=== To do ===
Your copy must hold all of the data below, unchanged and without images.

***

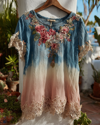 Women's Tie-dye Gradient Lace Patchwork Flowers Embroidery Blouse 6291
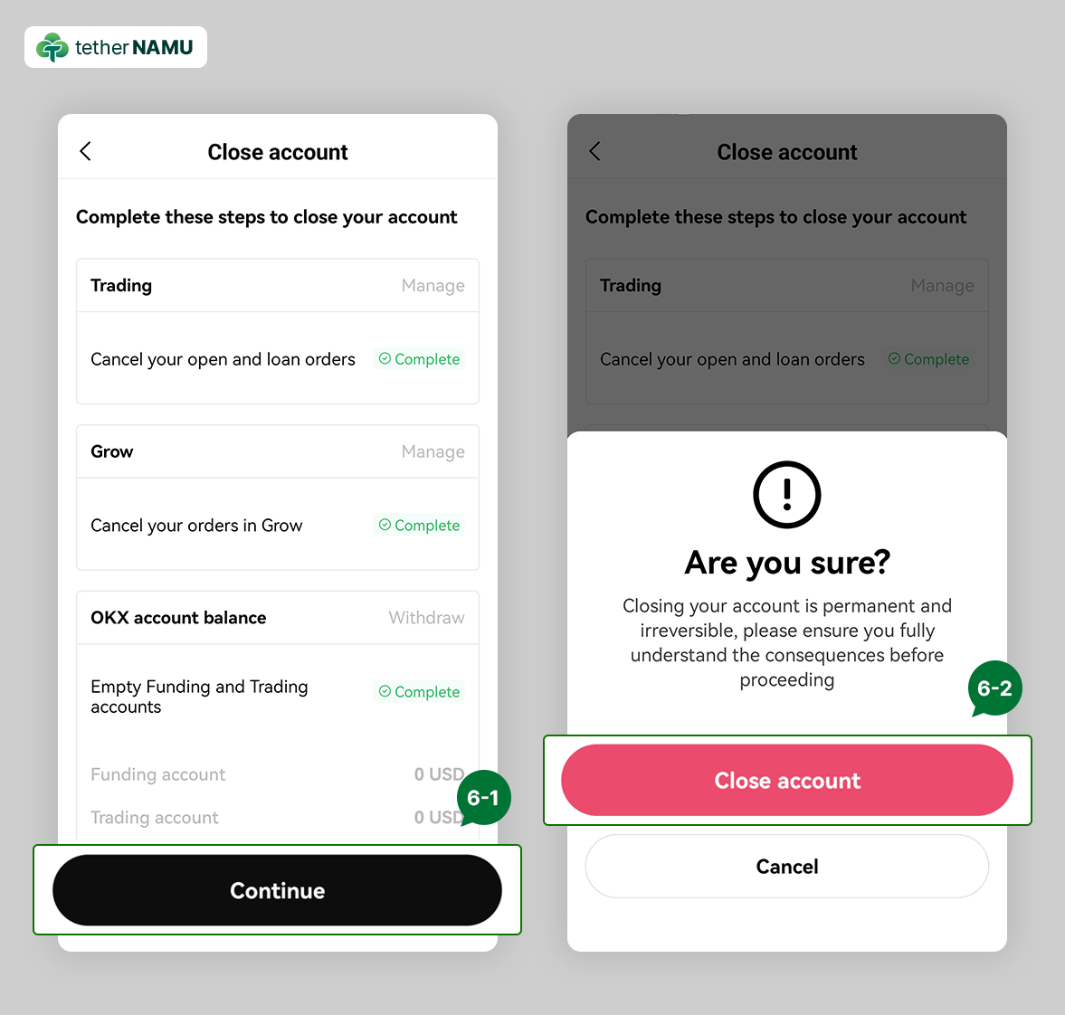 6. Continue를 클릭 후, Close Account를 클릭해 주세요.
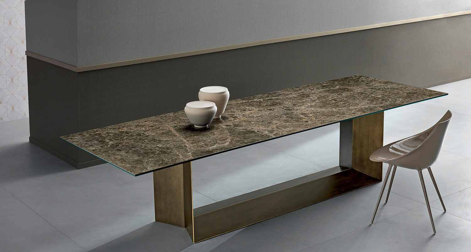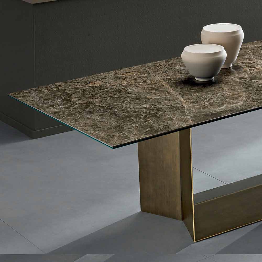 طاولة مطبخ فاخرة مع سطح من السيراميك الامبراطوري المصقول وقاعدة معدنية برونزية مصقولة، صنع في إيطاليا.
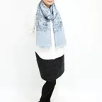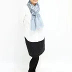スタンダードな大判サイズで、首に巻くことはもちろん、室内でのひざ掛けにも、肩から羽織る使い方もできます。特に羽織は上半身を覆えるので、着ている服を気にせず合わせることができます。
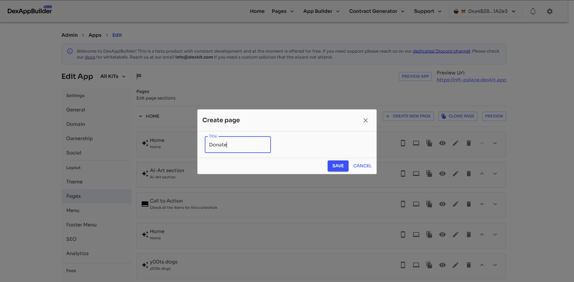 <figure><img src="https://1167648080-files.gitbook.io/~/files/v0/b/gitbook-x-prod.appspot.com/o/spaces%2FWrjgYUyO4ch1fBehrMEq%2Fuploads%2FNwwvI1aegrX3Hv81kCpN%2FDexAppBuilder%20_%20App%20Builder%20Setup%20-%20Brave%2003_06_2023%2011_19_08.png?alt=media&#x26;token=cc255c48-ad8d-45d8-9bb3-2cc221502920" alt=""><figcaption><p>Hit on «Save» when you're done with your page name.</p></figcaption></figure>

***

=== Response to this task ===
 Women's Tie-dye Gradient Lace Patchwork Flowers Embroidery Blouse 6291
 6. Continue를 클릭 후, Close Account를 클릭해 주세요.
 طاولة مطبخ فاخرة مع سطح من السيراميك الامبراطوري المصقول وقاعدة معدنية برونزية مصقولة، صنع في إيطاليا.
スタンダードな大判サイズで、首に巻くことはもちろん、室内でのひざ掛けにも、肩から羽織る使い方もできます。特に羽織は上半身を覆えるので、着ている服を気にせず合わせることができます。
 <figure><img src="https://1167648080-files.gitbook.io/~/files/v0/b/gitbook-x-prod.appspot.com/o/spaces%2FWrjgYUyO4ch1fBehrMEq%2Fuploads%2FNwwvI1aegrX3Hv81kCpN%2FDexAppBuilder%20_%20App%20Builder%20Setup%20-%20Brave%2003_06_2023%2011_19_08.png?alt=media&#x26;token=cc255c48-ad8d-45d8-9bb3-2cc221502920" alt=""><figcaption><p>Hit on «Save» when you're done with your page name.</p></figcaption></figure>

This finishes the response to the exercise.